Example:  ABC Corp has ten full time employees who earn $10,000 per quarter.  ABC Corp has a 5% unemployment tax rate.  ABC Corp’s total wages for the first quarter are $100,000.  Taxable wages for the first quarter are $95,000 (the first $9,500 of each employee’s wages).  ABC Corp’s unemployment tax due is $4,750.  As long as ABC Corp does not hire additional employees during the remainder of the year, ABC Corp will not have an unemployment tax due for the remaining three quarters of the year because each employee reached the $9,500 limit in the first quarter.

Beginning in 2013, certain employers will be able to spread their first quarter Michigan Unemployment tax liability over four equal quarterly payments.  For example, in the above fact scenario, ABC Corp has to pay $4,750 by April 25.  If ABC Corp qualifies under this provision, it can pay the $4,750 in four equal payments of $1,187.50 with its four Michigan unemployment tax returns for the year.

To qualify:

  • A business have 25 or fewer employees on January 12th of the prior year AND
  • 50% or more of the business’ total previous year’s tax were payable with the first quarter report.

If the business qualifies, it can make an election on its first quarter report and pay the first quarter tax over four quarters.   Beginning in the second quarter, the total amount due for each quarter will be the unemployment tax for payroll in that quarter plus the carryover of the first quarter’s tax.

Example:  It is 2013.  XYZ Corp had 20 employees as of January 12, 2012.  Its unemployment tax liability in the first quarter of 2012 was $5,000 and its total tax liability for the year was $8,000.  Since XYZ Corp had 25 or fewer employees as of January 12 of the prior year and 50% or more of its prior year unemployment tax was payable in the first quarter, it meets the requirements to spread its 2013 first quarter liability over four quarters.

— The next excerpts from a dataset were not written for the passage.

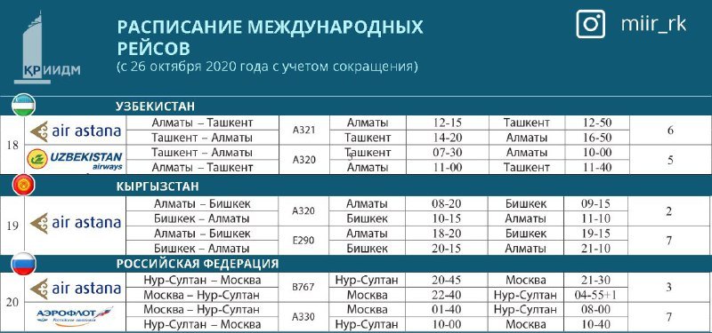 19) Алматы – Бишкек – Алматы (Эйр Астана – два раза в неделю);
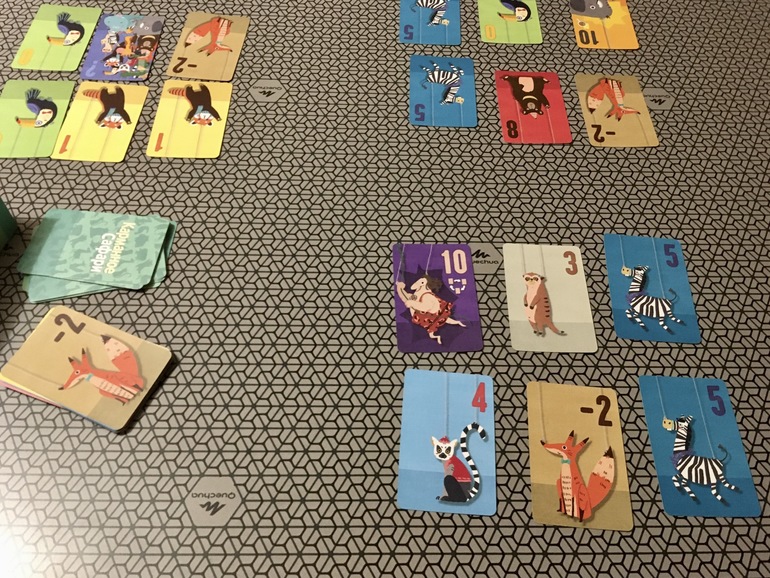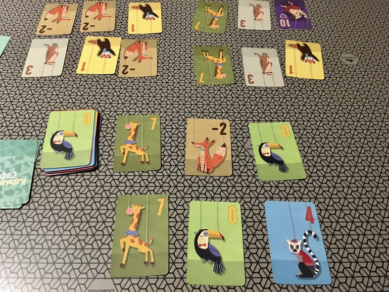 Выбрал сын . Сыграли одну партию до 50 очков. Так весело было. Особенно запомнился момент, когда я, владея королевой собак, предрекла в свой ход открытие карты с королевой кошек. Так и случилось. Ох и смеялись дети! Но выиграла всё равно я.
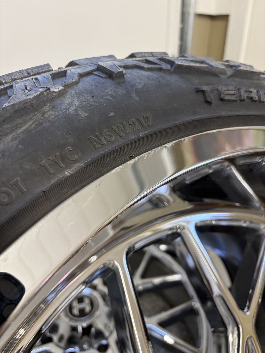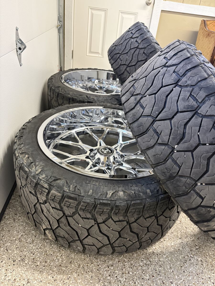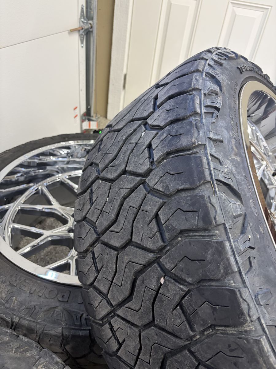 Selling this set of 24x12 8x180 hardcore wheels. Wheels are pretty clean they all do have minor curb rash I have a Picture of it in the add. Tires are 35/12.50 venom tires. 3 of them are in good shape with 50% tread left and the other one is pretty bald. Can put new tires on if you want.
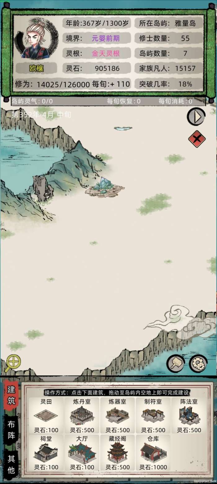 小技巧:当你有几个筑基期修士时,可以多尝试去打没有门派的中型岛,先保存!中型岛会有两种敌人,一些是四级怪,一些只有二级怪,打下来元婴前基本就不愁灵气了
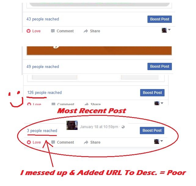 The last post was a test (I forgot haha) to see if I was just going crazy or not. I posted my website post's url on FB like I had been doing it - By putting the URL in the description my post only reached 3 people which is pretty dismal.
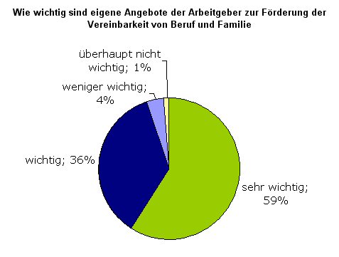 91% sehen eigene Angebote der Arbeitgeber zur Förderung der Vereinbarkeit von Beruf und Familie als wichtig (36%) oder sogar sehr wichtig (59%) an.
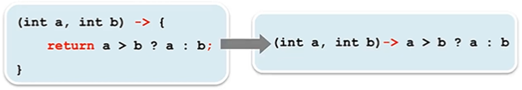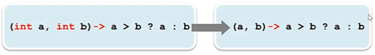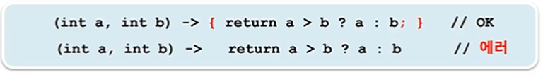 -> (int a, b) -> a > b ? a : b와 같이 두 매개변수 중 어느 하나의 타입만 생략하는 것은 허용되지 않음
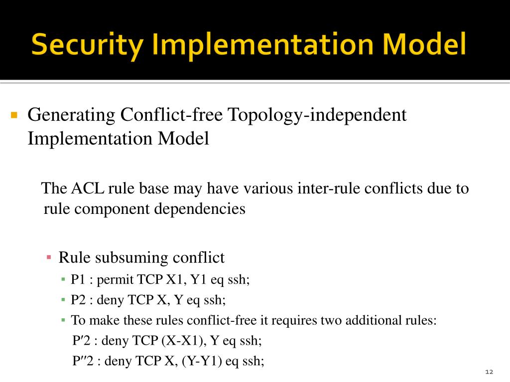 Security Implementation Model • Generating Conflict-free Topology-independent Implementation Model The ACL rule base may have various inter-rule conflicts due to rule component dependencies • Rule subsuming conflict • P1 : permit TCP X1, Y1 eqssh; • P2 : deny TCP X, Y eqssh; • To make these rules conflict-free it requirestwoadditional rules: P′2 : deny TCP (X-X1), Y eqssh; P′′2 : deny TCP X, (Y-Y1) eqssh;
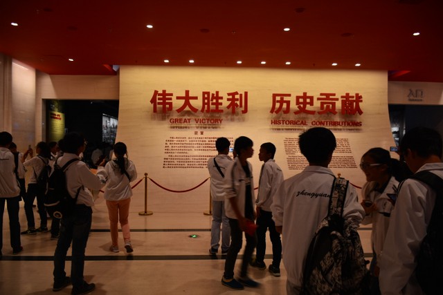 在中国人民抗日战争纪念馆里,大量生动翔实的史料,都雄辩地告诉我们,没有中国人民的艰苦抗战,就没有世界反法西斯战争的胜利;看不到东方主战场的辉煌战果,就无法估量反法西斯战争的全部价值。在规模空前的世界反法西斯战争中,中国抗日战争开展时间最早、持续时间最长,中国战场长期牵制和抗击了日本军国主义的主要兵力,对日本侵略者的彻底覆灭起到了决定性作用,为夺取世界反法西斯战争和第二次世界大战的胜利作出了不可磨灭的贡献。中国人民为世界反法西斯战争作出的贡献,赢得了崇高的民族声誉,赢得了世界爱好和平人民的尊敬。

Continuing on with the example—If XYZ Corp has $6,000 of tax due in the first quarter, $2,000 in the second quarter, $1,000 in the third quarter, and no tax liability in the fourth quarter, its 2013 Michigan unemployment taxes due will be:

1st quarter:          $1,500 (one quarter of $6,000)

2nd quarter:         $3,500 (one quarter of $6,000 plus 2nd quarter liability of $2,000)

3rd quarter:         $2,500 (one quarter of $6,000 plus 3rd quarter liability of $1,000)

4th quarter           $1,500 (one quarter of $6,000 plus 4th quarter liability of $0)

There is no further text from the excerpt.